$f: [0,k] \times [0,k] \times R \rightarrow R\ \ \ $ is continous in $ \{ (x,t,z) \in [0,k] \times [0,k] \times R , 0 \leq t \leq x \leq k \} $
$ g: [0,k] \rightarrow R \ \ $ is continous
And $\ \ \ | f(x,t,z) - f(x,t,y)| \leq C |z-y| \ \ \ \ $ for a $ 0 \leq C $
Now i have to show that the equation: $$ u(x) = g(x) + \int_0^x f(x,t, u(t)) dt $$ has exactly one continous solution in $[0,k]$.
I have tried using the Banach fixed-point theorem but i dont know how. is it the right approach at all?

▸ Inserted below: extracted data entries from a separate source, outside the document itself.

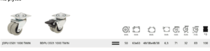 Średnica zastosowanego koła polipropylenowego wynosi 50 mm. W przypadku wersji z płytką jej wymiary zewnętrzne płytki to 60×60 mm. Mocowanie na otwór jest na śrubę M10. Istnieje możliwość dokupienia tulejki redukującej otwór do śruby M8.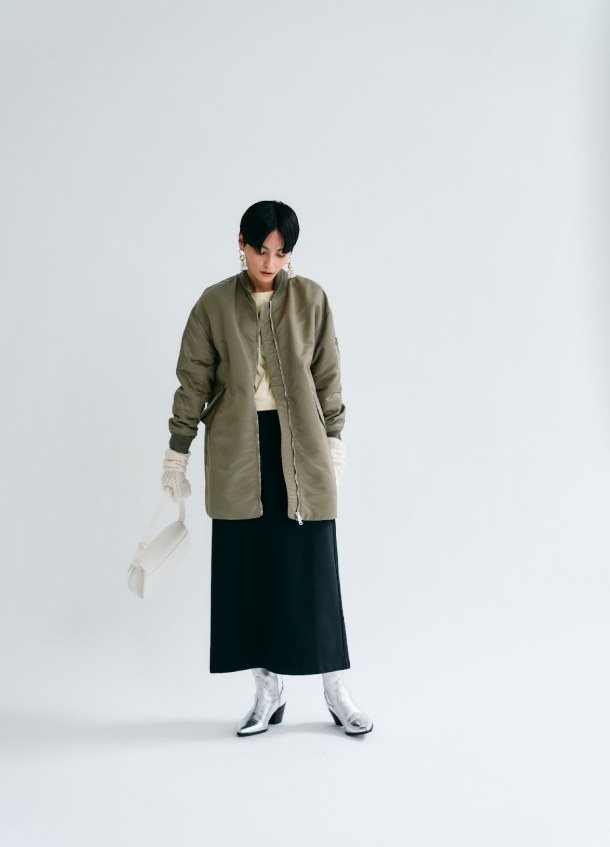 例えば、いつものパンツ代わりに黒の「タイトロングスカート」を選んでみるアイデア。新作MA-1とも好相性で、カジュアルの中にエレガントさを醸す気の利いた大人スタイルが完成。アウターのサテンライクな光沢感と落ち着きのある黒のメリハリが◎。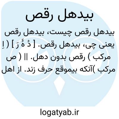 بیدهل رقص. [ دُ هَُ رَ ] ( اِ مرکب ) رقص بدون دهل. || ( ص مرکب )آنکه بیموقع حرف زند. از اهل زبان بتحقیق پیوسته...( آنندراج ). و رجوع به مجموعه مترادفات ص 370 شود.
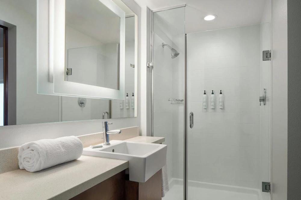 Parking is the first item I check because it sets the tone for everything else. A SpringHill Suites is usually designed with standard guest parking, and this location typically fits that pattern. It’s not the kind of place where you feel like you’re in the way just because you showed up with a work van. If your group includes trailers or larger trucks, you still need to confirm what the property allows and where overflow goes, but you’re starting from a more practical setup than you get at many downtown hotels.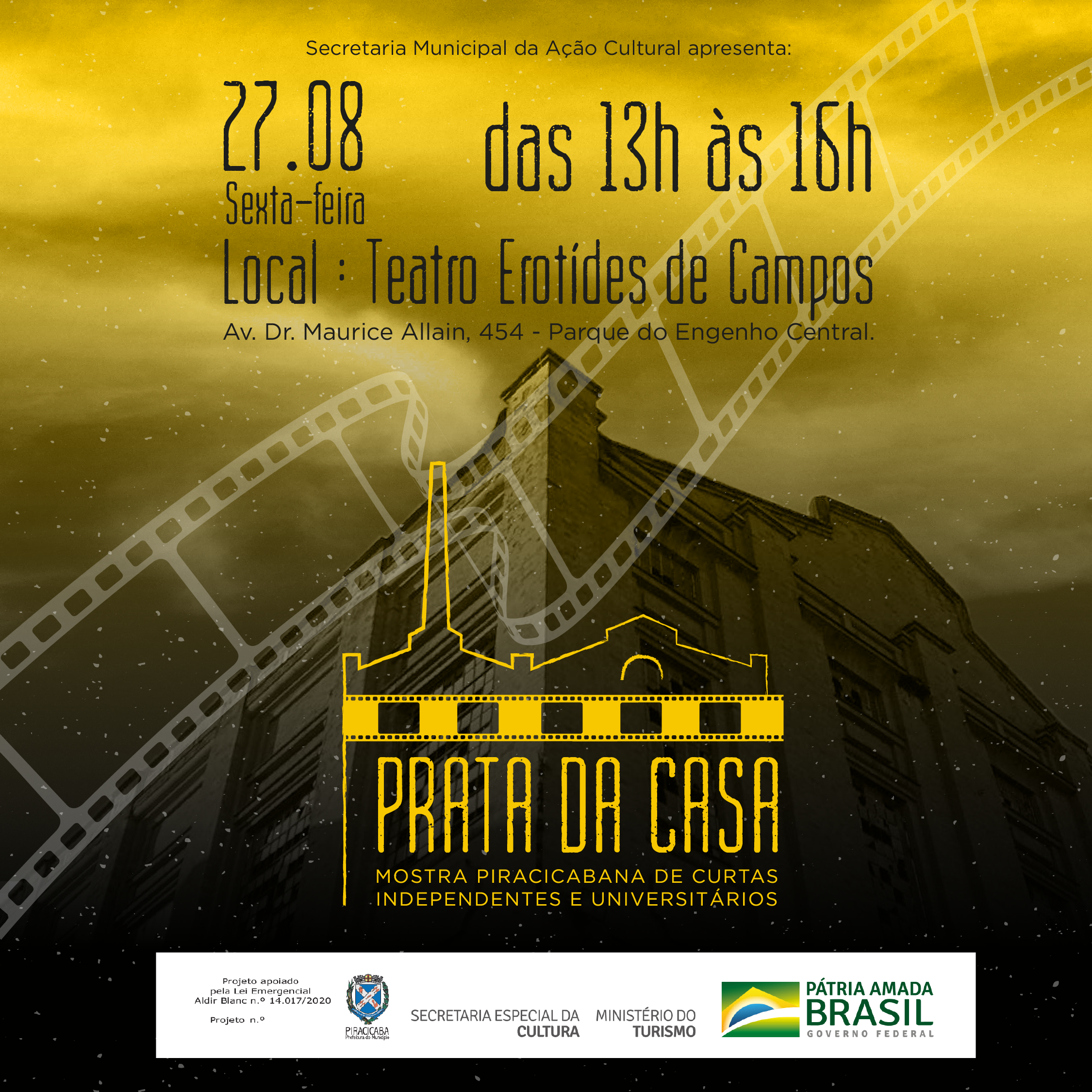 SERVIÇO – 1ª Edição da Mostra de Curtas Prata da Casa. Amanhã, 27/08, às 13h, no Teatro Erotídes de Campos, no Parque do Engenho Central. A entrada é gratuita e os ingressos devem ser retirados com uma hora de antecedência. O projeto foi contemplado no edital de Mostras e Festivais da Lei Aldir Blanc.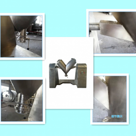 1、V型混合機(jī)的混合料筒為兩個(gè)不對(duì)稱的圓筒,材料為優(yōu)質(zhì)不銹鋼板卷圓密焊成型,筒體的兩端采用橢圓形封頭,在兩只封頭上均裝置進(jìn)料口,更利于物料混合完畢后對(duì)筒體的清洗。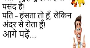 लड़का – I love you! लड़की – Sorry, मैं भाई बोलती हूँ सबको! लड़का – अच्छा तो राखी कब बांधेगी? ***************************************** पप्पू – आज पापा ने मुझे दौड़ा-दौड़ाकर मारा! टीचर – क्यों? पप्पू – क्योंकि मैं उनसे तेज़ भाग गया था! ***************************************** पत्नी – तुमसे शादी करके मेरी ज़िंदगी बदल गई! पति – मेरी भी, अब मैं भी मुस्कुराना भूल …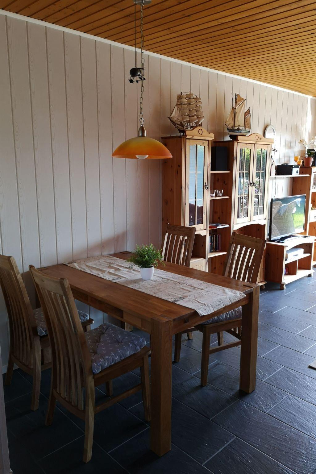 Es handelt sich um einen gut ausgestatteten Ferienbungalow, der 4 Personen einen gemütlichen Nordseeaufenthalt ermöglicht. Er verfügt über einen Wohn-/Essbereich mit Einbauküche, ein Schlafzimmer mit Doppelbett (1,60 x 2m mit durchgehendem Topper), ein Schlafzimmer mit 2 hintereinanderstehenden Einzelbetten (0,80m x 1,80 m), ein Badezimmer mit Dusche und WC und einen kleinen Abstellraum. Vorhanden sind 1 Sat-TV (Wohnzimmer), Hifi-Anlage mit CD, Bluetooth und USB, Waschmaschine, Trockner, Mikrowelle, Backofen, Cerankochfeld, Spülmaschine, Kühlschrank mit Gefrierfach, Kaffeemaschinen (Senseo, Filtermaschine), Wasser- und Eierkocher, Mixer, Fön, Toaster, Bügelbrett, Bügeleisen, Holzkohlengrill, Gesellschaftsspiele und Bücher. Das Haus verfügt über eine moderne Gasheizung und wird ganzjährig vermietet. Außerdem bieten wir unseren Gästen kostenloses W-LAN.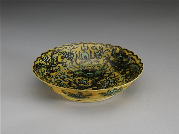 黃地綠彩花卉龍紋花口盤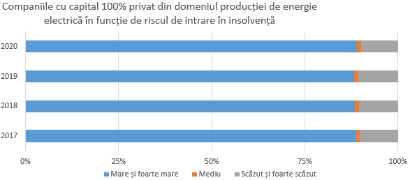 Spre deosebire de alte domenii de activitate, majoritatea producatorilor de energie electrica, indiferent de forma de constituire sau de prezenta statului in actionariat, au un risc ridicat de a intra in insolventa. Astfel, in toti cei patru ani analizati aproape 9 din 10 companii au un risc ridicat de a intra in insolventa si doar in cazul a una din 10 companii riscul fiind unul scazut.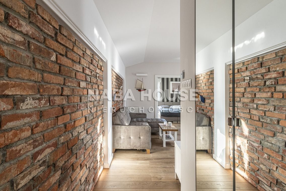 Okna mieszkania wychodzą na stronę południową, tak więc wnętrze pełne naturalnego światła. Część ścian udekorowana cegłą, której podświetlenie daje ciekawy efekt wieczorową porą.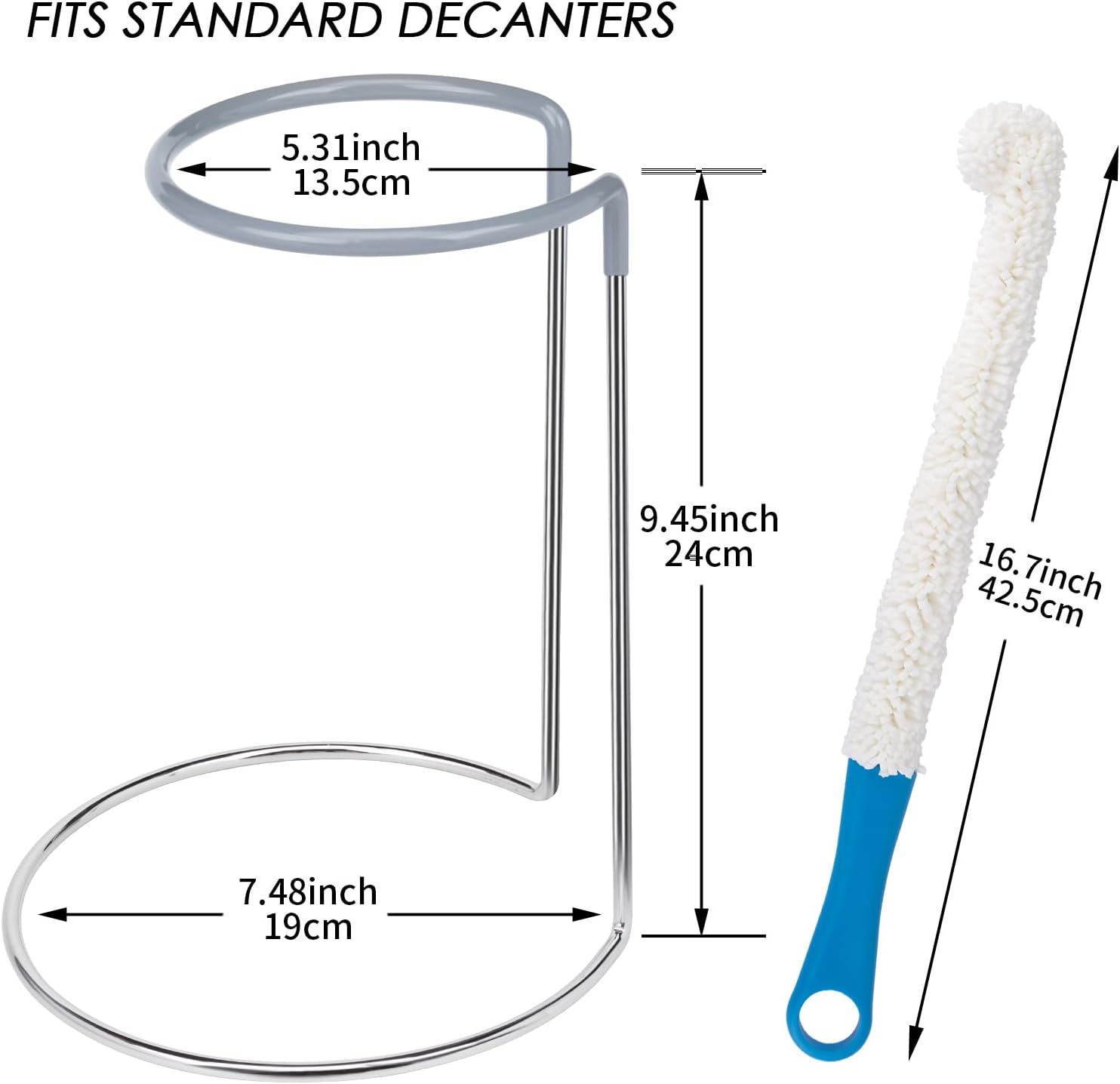 - 🍷【Fits Standard Decanters】The decanter drying stand measures 9.45" tall, with a 7.48" diameter bottom base, and a 5.31" diameter inside top. 17.3'' long brush for long neck wine decanter with Max bottle mouth diameter of 1.57in. The decanter drying rack is also a great decanter display rack, looking great in home decor.

Let $X = C[0, k]$. Let us define $\Phi:X \rightarrow X$ by \begin{align} \Phi(w)(x) = g(x) = \int^x_0 f(x, t, w(t))\ dt. \end{align} Indeed, $\Phi$ maps $X$ to $X$, since for any $0\le x \le y\le k$ \begin{align} |\Phi(w)(x)-\Phi(w)(y)| \le&\ |g(x)-g(y)| + \left|\int^x_0 f(x, t, w(t))\ dt-\int^y_0 f(y, t, w(t))\ dt \right|\\ \le&\ |g(x)-g(y)| + \int^y_0|f(x, t, w(t))-f(y, t, w(t))|\ dt + \int^x_y|f(x, t, w(t))|\ dt \\ \le&\ |g(x)-g(y)| + \int^y_0|f(x, t, w(t))-f(y, t, w(t))|\ dt + \|f\|_\infty|x-y|. \end{align} Hence, by continuity of $f$, we see that $\Phi(w)(x)$ is also continuous which means $\Phi$ maps $X$ to $X$.
Next, let us show that $\Phi: X\rightarrow X$ is a contraction on $X$. Notice that
\begin{align} \|\Phi(u)-\Phi(w)\|_\infty =&\ \sup_{x \in [0, k]}|\Phi(u)(x)-\Phi(w)(x)|\\ \le&\ \sup_{x \in [0, k]} \int^x_0 |f(x, t, u(t)) - f(x, t,w(t))| \ dt\\ \le&\ C\sup_{x, \in [0, k]} \int^x_0 |u(t) -w(t)|\ dt\\ \le&\ C k \|u -w\|_\infty. \end{align}
However, we can't conclude that $\Phi$ is a contraction since $Ck$ doesn't necessarily need to be less than $1$. So, instead of proving $\Phi$ is a contraction on $X$, we can prove that $\Phi$ is a contraction on $[0, k_1]$ for some $k_1<k$ and $Ck_1<1$. Then, by Banach fixed point theorem, we know that there exists a unique $u$ defined on $[0, k_1]$ such that \begin{align} u(x) = g(x) + \int^x_0 f(x, t, u(t))\ dt \end{align} for $x \in [0, k_1]$. Repeat the argument on the interval $[k_1, 2k_1]$. Since $[0, k]$ is compact, then we only need to repeat the argument a finite number of times. This shows that there is a unique $u \in C[0, k]$ that solves the above integral equation.